I come from a very conservative Christian background and many of the people I know got married fairly young. A decent number of my friends from church are either engaged, married, or expecting. It's not that you're expected to get married young, but oftentimes that's how it ends up happening. Men will return from their mission and be engaged or married within a year. So as a nineteen year old who has never been in a serious relationship, I feel like I'm falling behind.

I've been in exactly one (one month long) relationship in my life, which is what inspired me to write this article. When the boy in question was breaking up with me, he made a point of telling me that I "don't have everything put together." Needless to say, that did not go over well with me at all.

First of all, NO ONE has everything put together. We try to act like we do, but in reality we're all struggling in our own ways. It's what makes us human.

Second of all, who was he to tell me that I don't have everything put together? Granted, I don't have everything put together, but it still was not his place to make that judgement. I'm the only one who can decide if I have it "put together." This statement of his particularly set me off because I may still be struggling, but I'm doing significantly better than I was a year ago.

As someone with bipolar disorder, I have major reservations when it comes to dating. I tend to form emotional attachments rather quickly, which can sometimes get me into trouble. Like I said, I've only been in one official "relationship" before, but it's not the only time I've ever come close to dating someone. I've "talked to" (for lack of a better word, I hate that phrase) a few boys, only to be ghosted or led on. It's become something of a pattern in my life and let me tell you, it doesn't feel good.

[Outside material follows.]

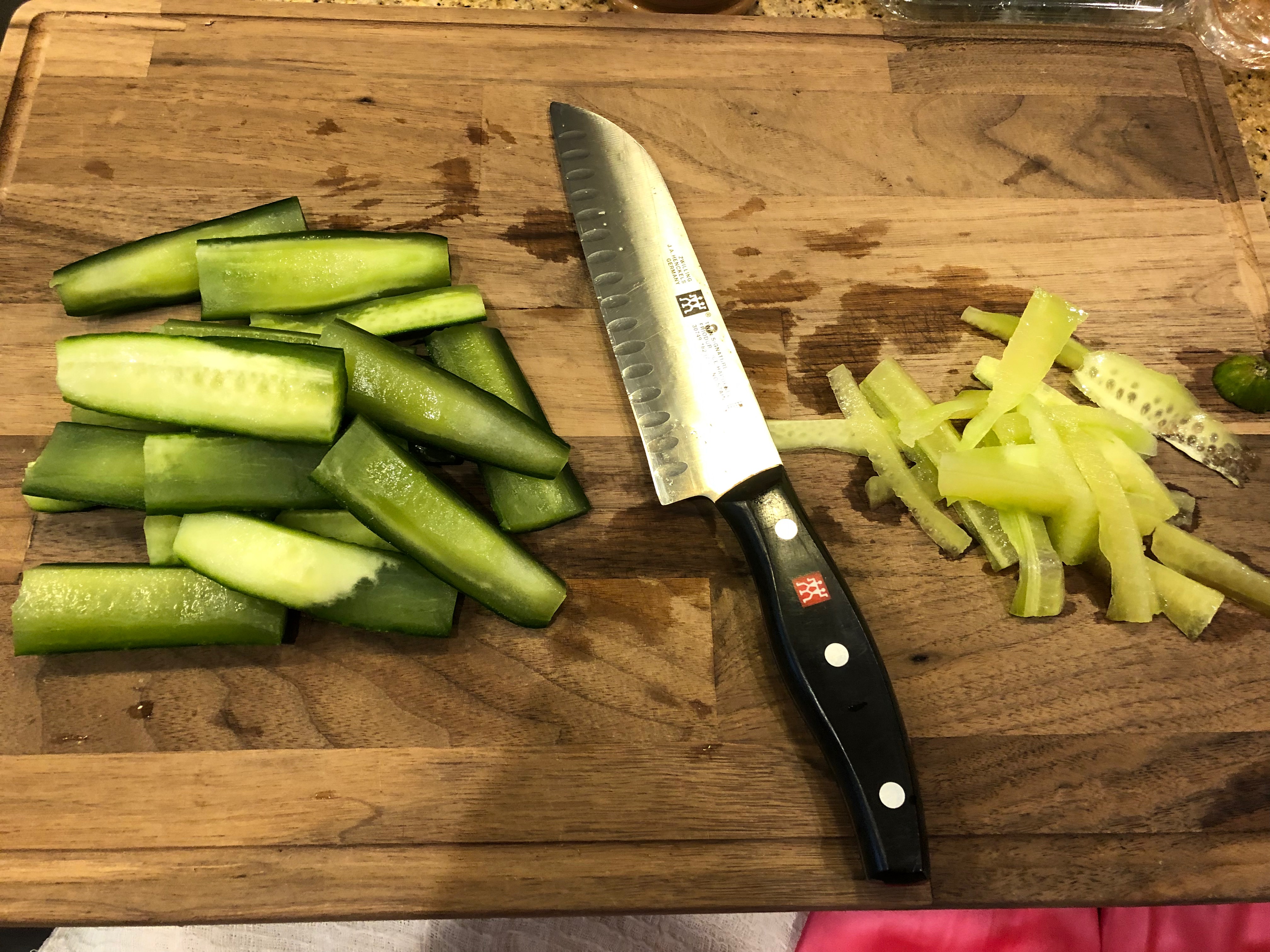 Step2: 오이를 3~4등분해서 오이씨를 제거해준 다음 채썰어준다.

When I get ghosted, or when a guy leads me on for a while only to tell me he's not interested or whatever his excuse is, I start doubting myself. What makes me so undatable? Am I not attractive/smart/funny enough? No, it's probably the bipolar disorder. That, plus my anxiety and constant need for reassurance.

I begin to worry that it's because I'm too needy, too "moody," too much to handle. I shut myself off to people because I assume that that's how things are going to end--with them finding some flaw, some deal breaker, and deciding that it's not worth the effort of being with me. I get so scared that my mental health will be a deal breaker. But why should that be the case?

Answer: it shouldn't. No one should have those doubts about themself, especially over things that can't necessarily be controlled. I can't control the fact that I have anxiety and bipolar disorder, just like people can't control their height or their eye color. It would be stupid not to date someone because they have blue eyes and you want someone with green eyes, would it not? So why miss out on dating an amazing person just because they struggle with their mental health?

Just because someone is struggling with something that you don't understand doesn't mean that they're not worth your time. Take the time to understand them, love them, and appreciate them, even if it seems like you're taking a risk. Who knows? It could be the best risk you'll ever take.